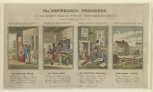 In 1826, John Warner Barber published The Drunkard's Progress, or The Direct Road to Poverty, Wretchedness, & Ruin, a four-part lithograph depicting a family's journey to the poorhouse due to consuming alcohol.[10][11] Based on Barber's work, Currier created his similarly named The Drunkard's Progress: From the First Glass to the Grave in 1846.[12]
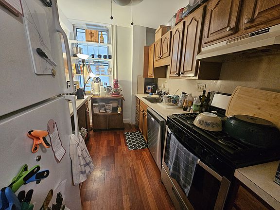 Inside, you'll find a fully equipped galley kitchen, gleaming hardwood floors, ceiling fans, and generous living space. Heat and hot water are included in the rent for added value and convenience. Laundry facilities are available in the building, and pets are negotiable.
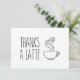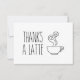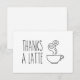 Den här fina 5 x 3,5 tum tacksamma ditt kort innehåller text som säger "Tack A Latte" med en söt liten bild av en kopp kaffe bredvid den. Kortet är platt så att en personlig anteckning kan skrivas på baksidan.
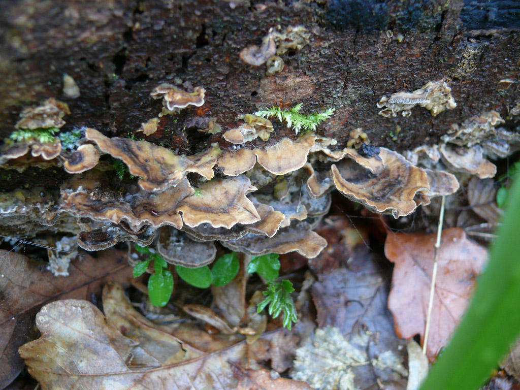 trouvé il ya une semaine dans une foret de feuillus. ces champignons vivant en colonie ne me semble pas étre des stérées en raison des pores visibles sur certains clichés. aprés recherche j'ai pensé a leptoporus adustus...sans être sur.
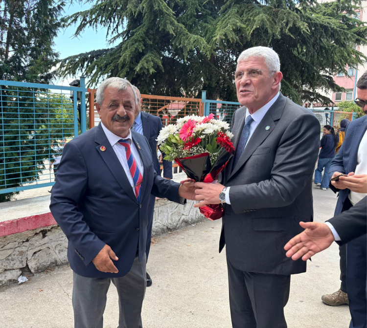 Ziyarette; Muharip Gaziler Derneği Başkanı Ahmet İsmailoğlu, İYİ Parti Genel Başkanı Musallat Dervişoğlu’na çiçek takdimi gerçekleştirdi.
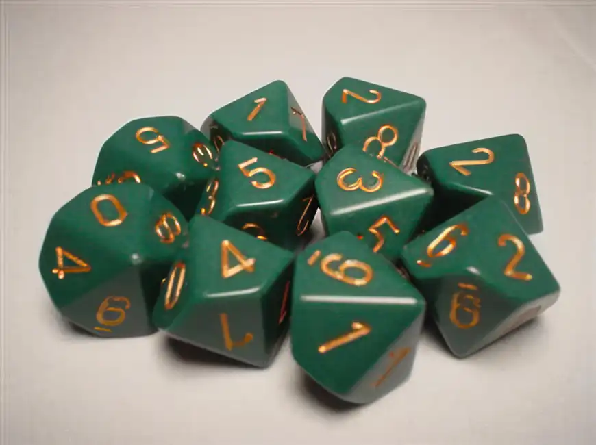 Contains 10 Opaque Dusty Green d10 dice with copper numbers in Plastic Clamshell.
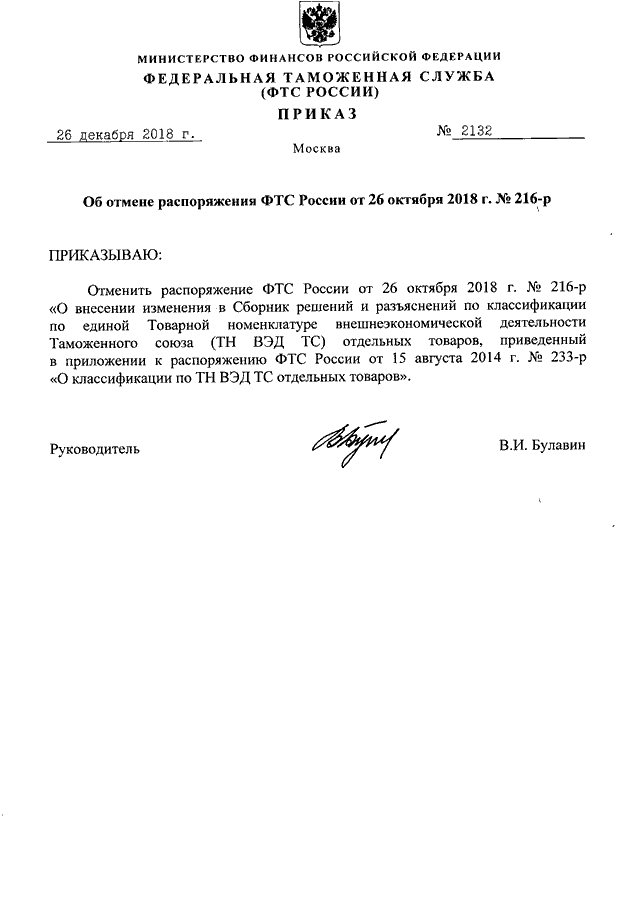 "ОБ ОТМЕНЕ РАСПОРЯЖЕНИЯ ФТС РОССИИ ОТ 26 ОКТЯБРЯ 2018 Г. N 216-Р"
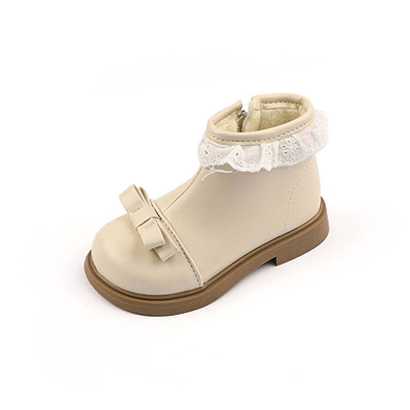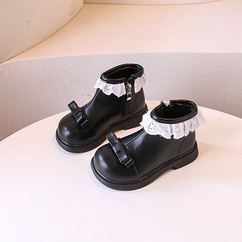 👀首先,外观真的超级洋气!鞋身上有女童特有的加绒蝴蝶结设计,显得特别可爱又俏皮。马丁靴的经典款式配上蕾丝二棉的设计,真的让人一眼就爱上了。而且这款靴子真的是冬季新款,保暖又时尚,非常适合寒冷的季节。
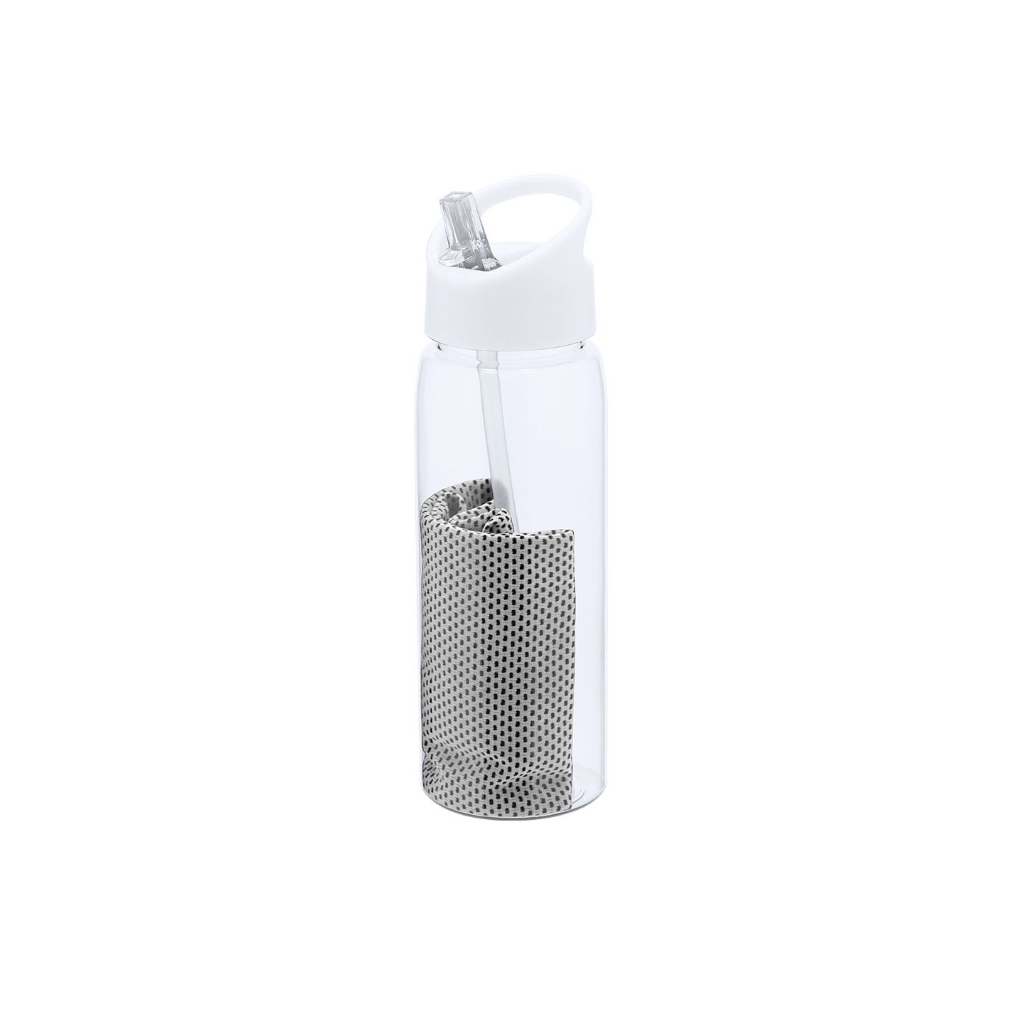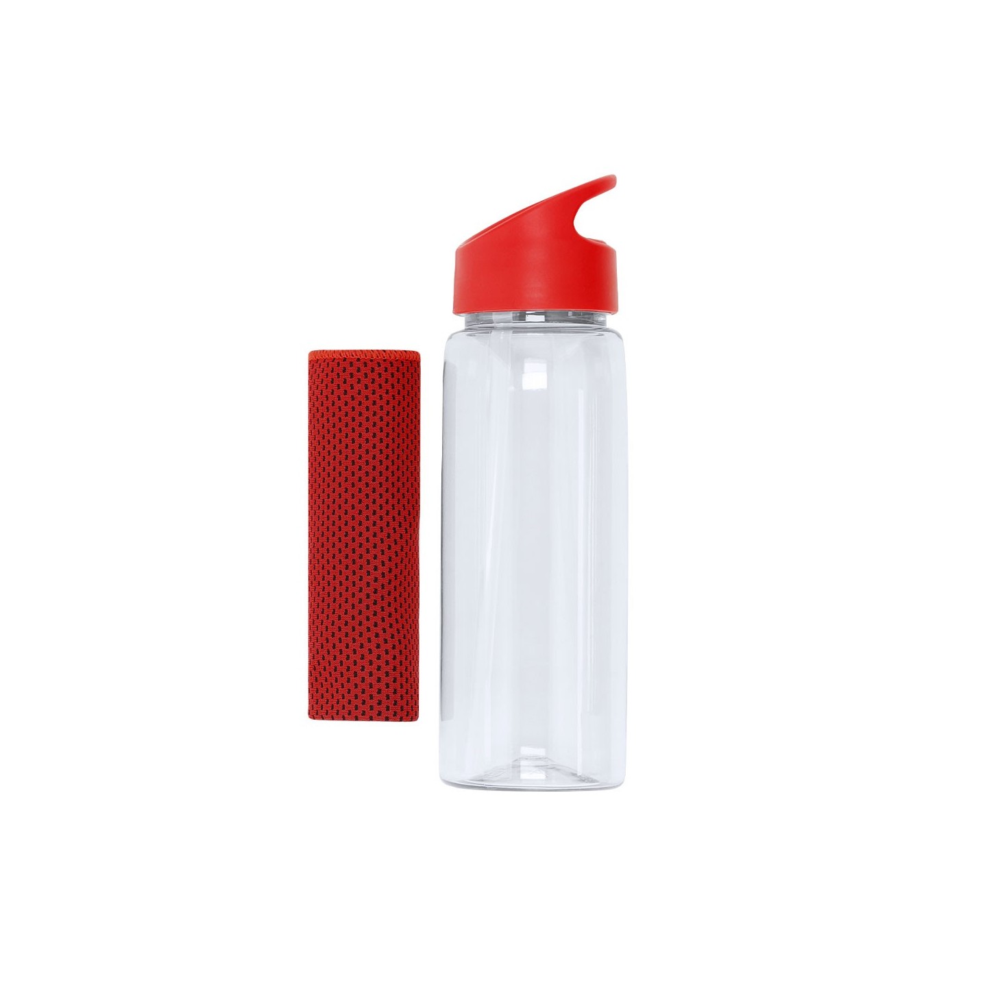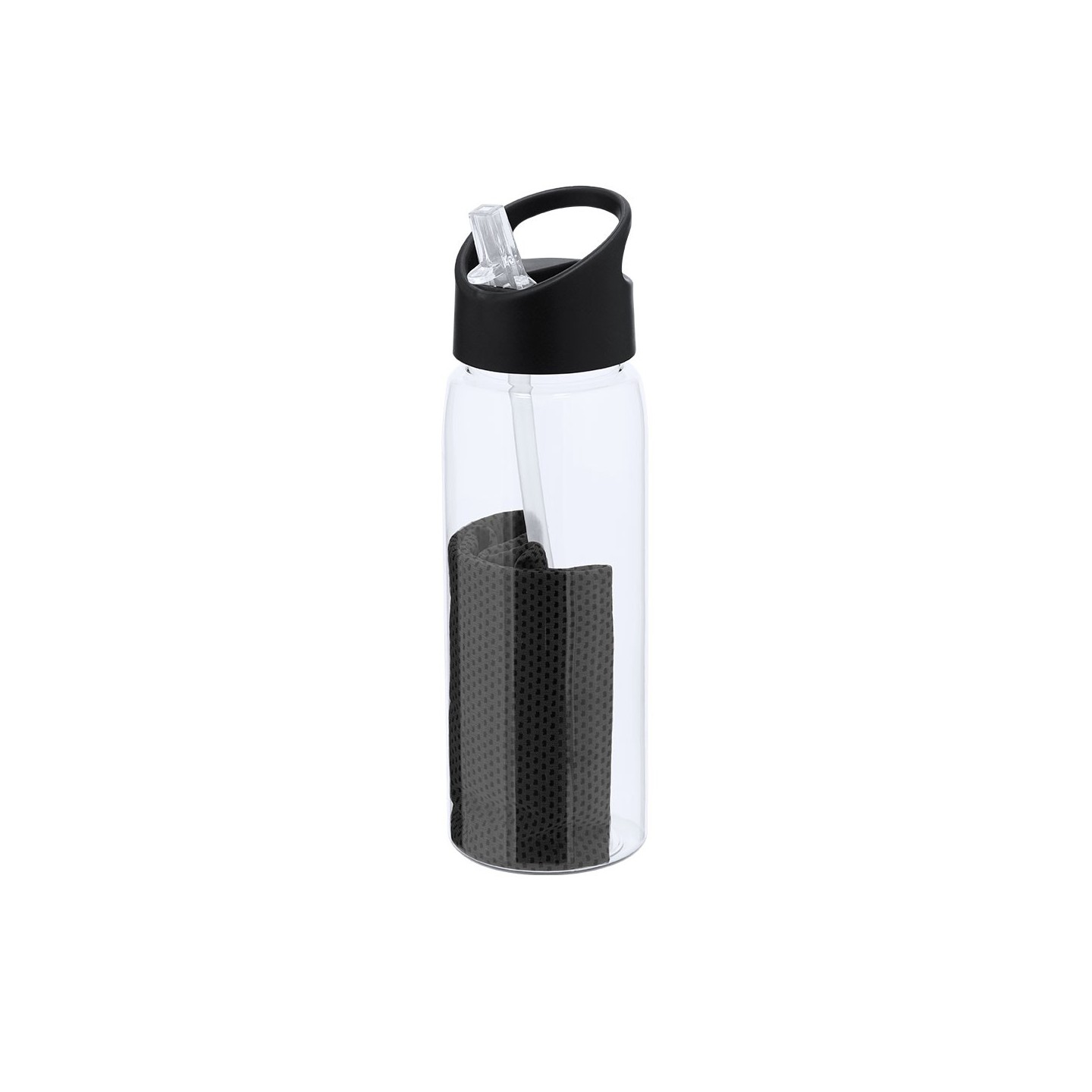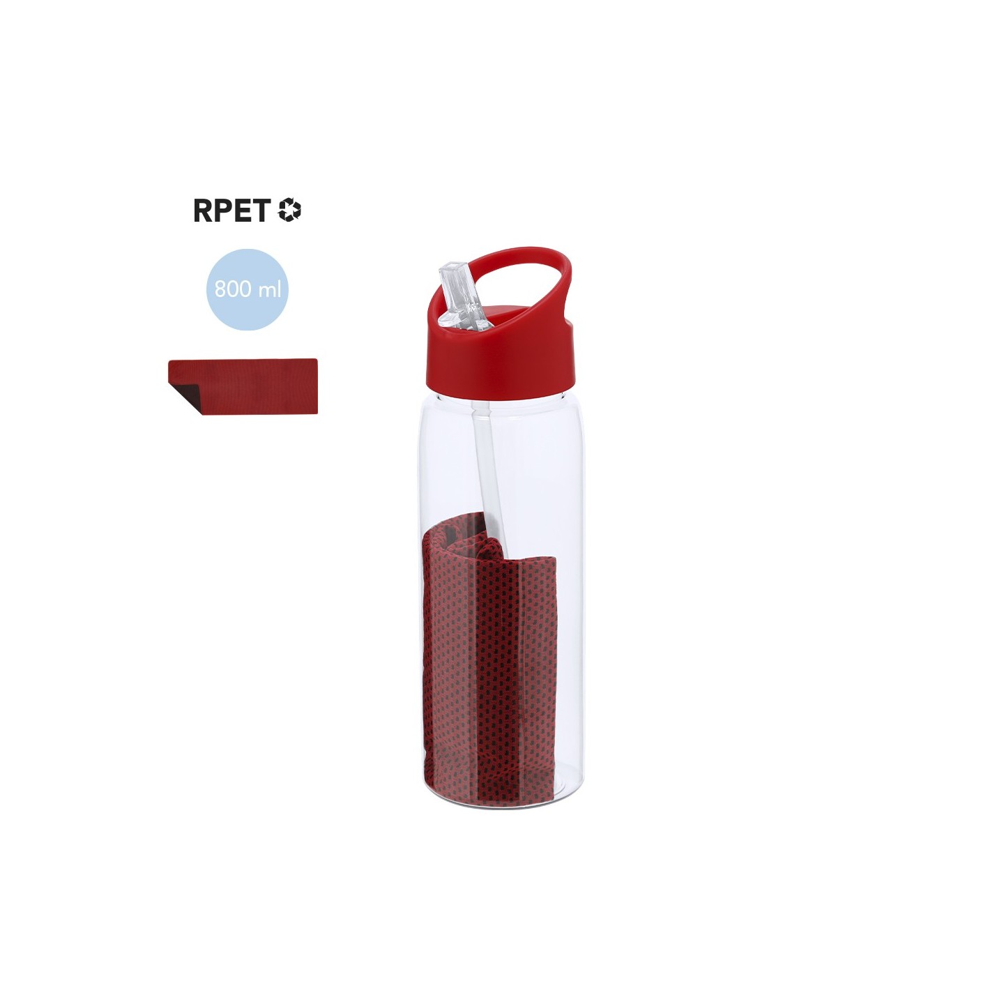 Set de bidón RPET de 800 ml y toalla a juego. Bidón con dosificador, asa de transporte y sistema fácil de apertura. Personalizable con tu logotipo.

■ ■ ■ ■ ■ ■ ■

The problem:
Copy every record exactly, but skip the pictures.

Answer box:
 In 1826, John Warner Barber published The Drunkard's Progress, or The Direct Road to Poverty, Wretchedness, & Ruin, a four-part lithograph depicting a family's journey to the poorhouse due to consuming alcohol.[10][11] Based on Barber's work, Currier created his similarly named The Drunkard's Progress: From the First Glass to the Grave in 1846.[12]
 Inside, you'll find a fully equipped galley kitchen, gleaming hardwood floors, ceiling fans, and generous living space. Heat and hot water are included in the rent for added value and convenience. Laundry facilities are available in the building, and pets are negotiable.
 Den här fina 5 x 3,5 tum tacksamma ditt kort innehåller text som säger "Tack A Latte" med en söt liten bild av en kopp kaffe bredvid den. Kortet är platt så att en personlig anteckning kan skrivas på baksidan.
 trouvé il ya une semaine dans une foret de feuillus. ces champignons vivant en colonie ne me semble pas étre des stérées en raison des pores visibles sur certains clichés. aprés recherche j'ai pensé a leptoporus adustus...sans être sur.
 Ziyarette; Muharip Gaziler Derneği Başkanı Ahmet İsmailoğlu, İYİ Parti Genel Başkanı Musallat Dervişoğlu’na çiçek takdimi gerçekleştirdi.
 Contains 10 Opaque Dusty Green d10 dice with copper numbers in Plastic Clamshell.
 "ОБ ОТМЕНЕ РАСПОРЯЖЕНИЯ ФТС РОССИИ ОТ 26 ОКТЯБРЯ 2018 Г. N 216-Р"
 👀首先,外观真的超级洋气!鞋身上有女童特有的加绒蝴蝶结设计,显得特别可爱又俏皮。马丁靴的经典款式配上蕾丝二棉的设计,真的让人一眼就爱上了。而且这款靴子真的是冬季新款,保暖又时尚,非常适合寒冷的季节。
 Set de bidón RPET de 800 ml y toalla a juego. Bidón con dosificador, asa de transporte y sistema fácil de apertura. Personalizable con tu logotipo.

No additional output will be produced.